In the foyer themed halls radiate out. To our left is the East African Birds Hall and we start there. Displays cases fill the room and they are full of stuffed birds. Hundreds and hundreds of stuffed birds, from white pelicans to the tiny tit. Signage is minimal – an inch square piece of aging paper with a typewriter-written name and sometimes a short description – and even a few of those are hidden behind a bird or two. Sometimes the descriptive paper is there but without the bird. However what does come through loud and clear, no interpretation needed, is the sheer overwhelming number of birds that live in or visit East Africa. Hail this bird paradise. The piddly few I have seen and recorded are nearly embarrassing to contemplate. I feel like I’ve been birding this whole time with blinders on, missing far more than I see.

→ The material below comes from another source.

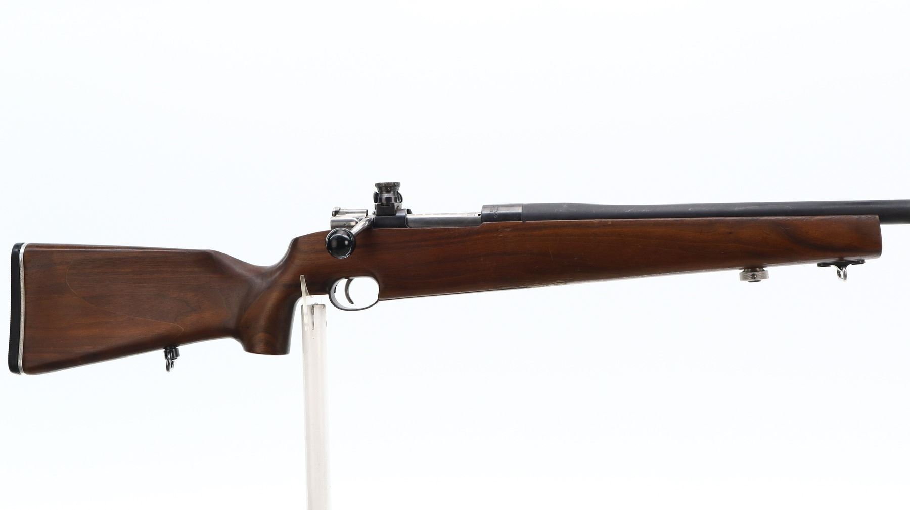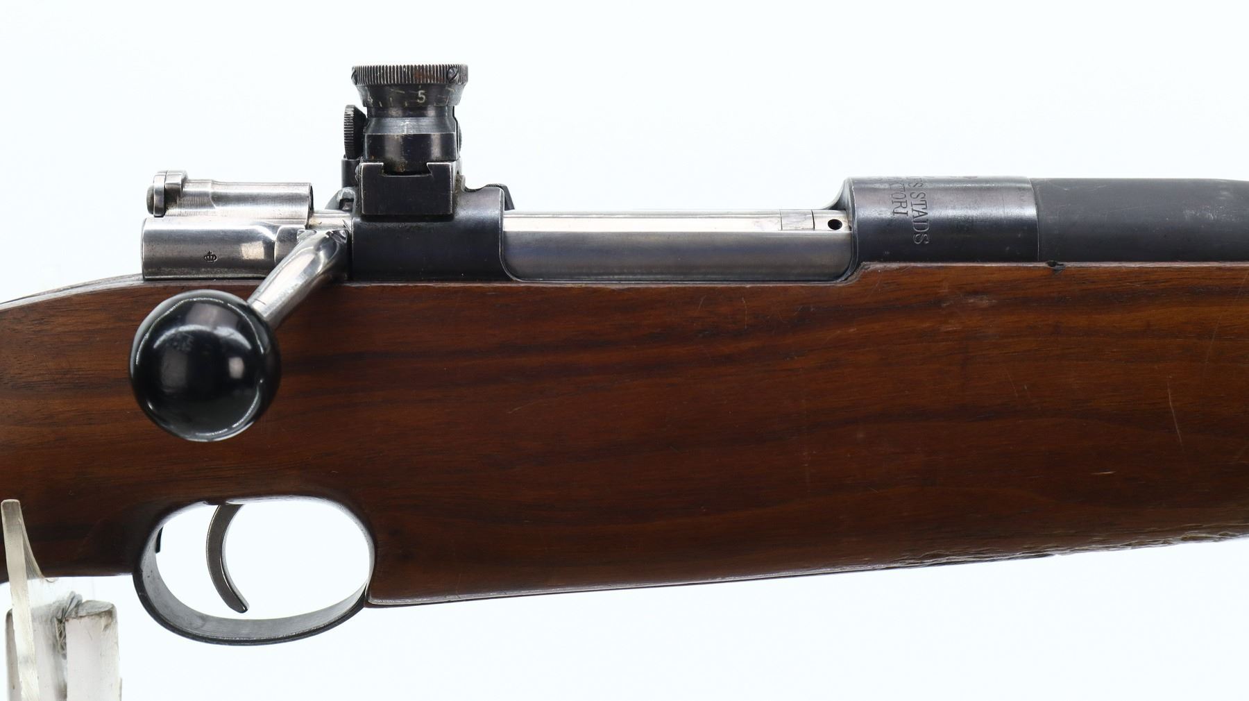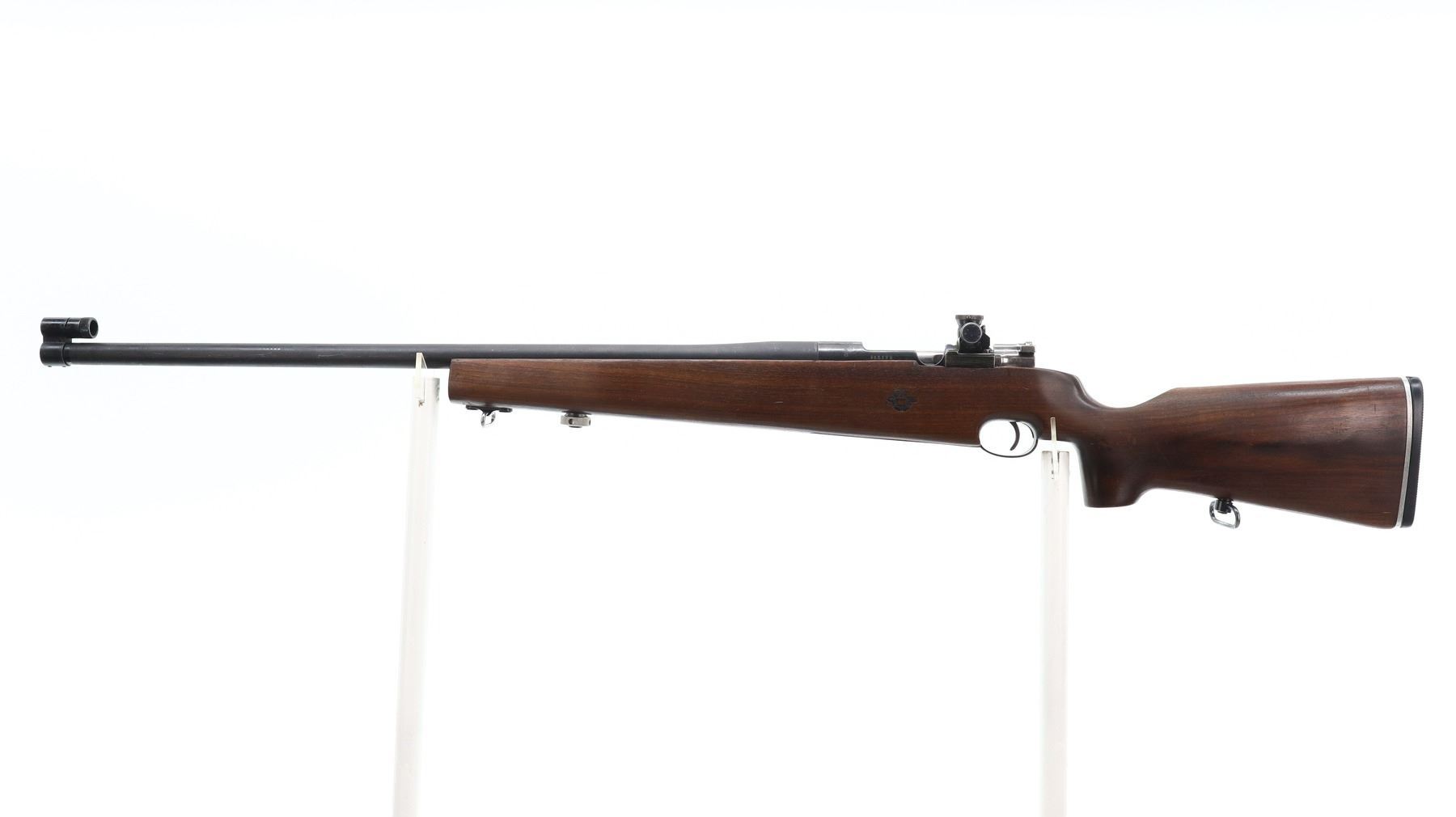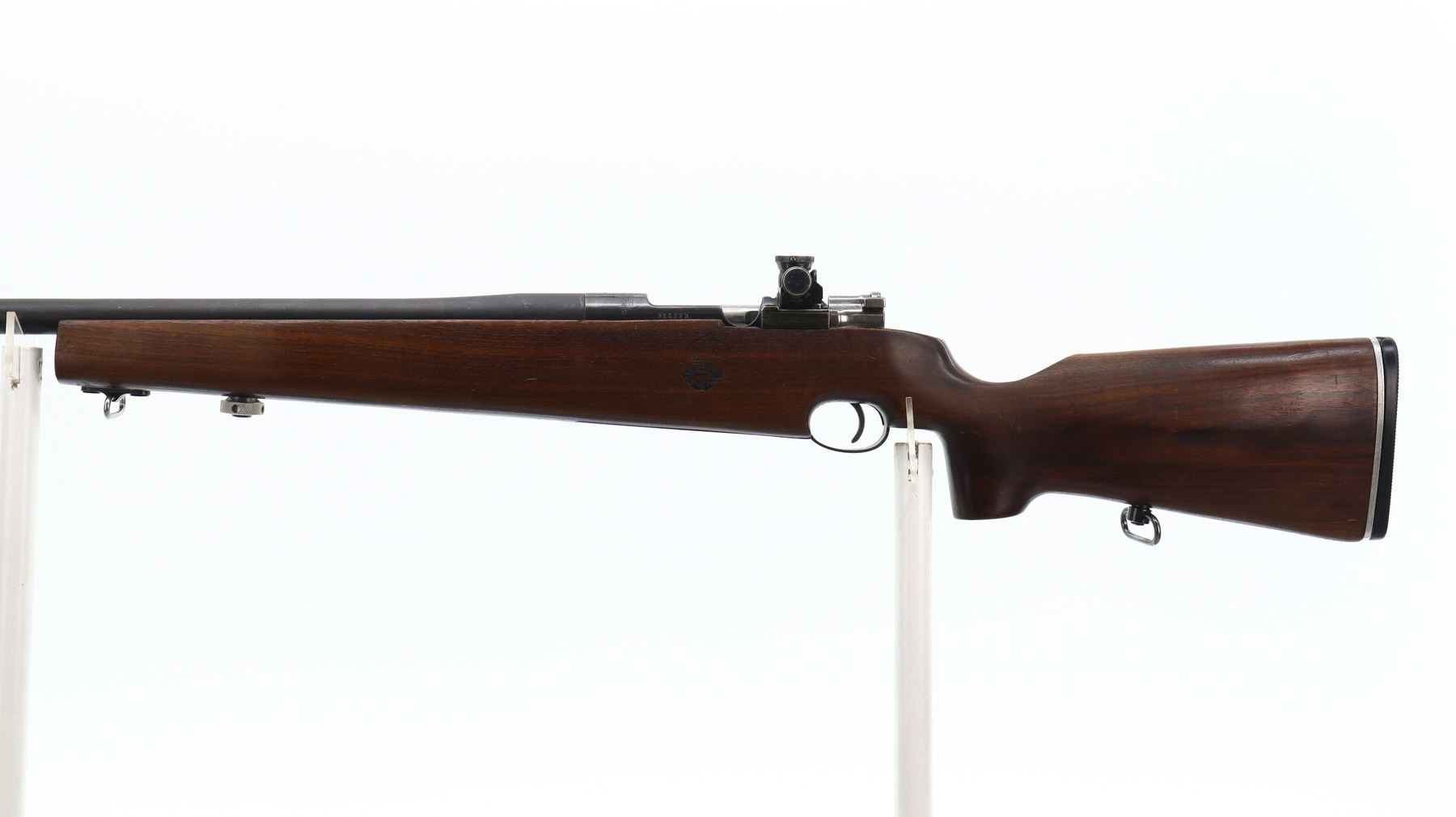 7/10, SWEDISH MAUSER, MODEL: CUSTOM TARGET, CALIBER: 6.5X55 SWEDE, BORE IS GOOD, SHINY. MANUFACTURED 1932, NUMBERS MISMATCHED. GLOBE FRONT SIGHT WITH INSERT, ADJUSTABLE REAR PEEP SIGHT, HEAVY BARREL, SILVER BOLT WITH MODIFIED HANDLE AND LARGE BLACK POLYMER BOLT KNOB. ONE PIECE SMOOTH TARGET STYLE WOOD STOCK, PISTOL GRIP, GROOVED BLACK POLYMER BUTT PLATE, SLING SWIVELS, ALUMINUM RAIL INLET INTO FOR STOCK WITH ADJUSTABLE SWIVEL STUD. METAL FINISH SHOWS SOME SCRATCHES, HANDLING MARKS AND WEAR. STOCK SHOWS SOME MARKS, SCRATCHES AND WEAR., ACTION: BOLT ACTION RIFLE, BARREL LENGTH: 29", SERIAL # 254172, CONDITION: 7/10, CLASS: CANADIAN NON RESTRICTED

The Bird Hall is both inspiring and humbling – and I hope it is next on the renovation list. There is so much more to birds than their names and a stuffed specimen.
The mammal hall is slightly less intimidating. The dioramas and displays feature both creatures we have seen and many we have not. The specimens appear to be the same ones as were used prior to the renovation, done in a 50’s style taxidermy. But I suppose that is better than going out and shooting new specimens, right? This most impressive elephant is a main display and was far too big for a good photo. Ahmed, as he was called, acquired national protection from the government when local people were afraid he’d be poached for his incredible tusks. These aren’t the biggest or heaviest tusks but they are nearly perfectly symmetrical. Ahmed died of natural causes and now is immortalized in the museum. A lucky pachyderm indeed.
Finally, the holy grail of the museum – The Hall of Human Origins. Kenya is home to arguably the most, and the most important, paleo-anthropological finds in history. The Nairobi museum has done a spectacular job of displaying and interpreting these finds. In order of evolutionary appearance we read of Aegyptopithecus, Proconsul and Kenyapithecus and their progeny which became the primates. Moving along (very slowly) there are then the missing years, millions of them. We know almost nothing about an eleven-million year time span between primates and hominid formation. The museum makes no apologies for what it does not know. Nor does it question evolution or ask you to consider creationism. Time and chance are the creators here.
That the fossils were discovered at all boggles the mind and panels explain what was found where by whom. Here are photos taken of the discovery of Turkana Boy, a nearly complete skeleton of Homo erectus, one of the most fantastic finds ever. The ground he was found in looks like most of the land around Turkana – what was it that drew the fossil hunter to that very spot? I imagine he must have lost his mind when he realized what he was looking at. Only the brow crown was visible in the rock matrix. Beneath the rocks and scattered about were fossilized bones of such importance you might conclude they were laid there on purpose to be found by us, millions of years later. What a rush.
At the end of the Origins Hall is a discrete sign saying Skull Room. It is a small room. Arranged around the walls are jewel-like display cases with carefully staged lighting. Long tapestry panels that describe each glass case. A narrow coffin-size display lays at the center. The atmosphere is hushed. For here, face to face, are the actual fossils of the ancestors of human beings. The real thing. From the rocky desert ground, painstakingly reassembled, are the skulls of Erectus, Rudolphenisis, Habilis, Robutus, and the others. It is breathtaking. I am moved to tears – I cannot believe it. Of course these skulls have been a part of science since their discovery but until now they have not been so beautifully and publicly displayed. Here is Proconsul, where it is thought the primate family tree began. Here is Paranthropus aethiopicus or Black Skull, so-called for the patina it acquired while it laid around waiting to be found. In the center display case is the wonder of Kenya, the amazingly complete Turkana Boy. Turkana Boy was likely between 12 and 18 when he died 1.5 million years ago. How could such delicate bones survive for that impossible amount of time? How did the whole of his lineage survive? Yet here we are, looking at him. We are his cousins, the survivors.
There are no postcards of the Skull Room for sale at the museum; too bad, I’d have bought them all. The Hall of Human Origins is worth a second trip, perhaps after we visit the most famous Ethiopian fossil, Lucy. It is a wonderful world we live in, and have lived in for so long. Hope we can keep it together for a few more million years.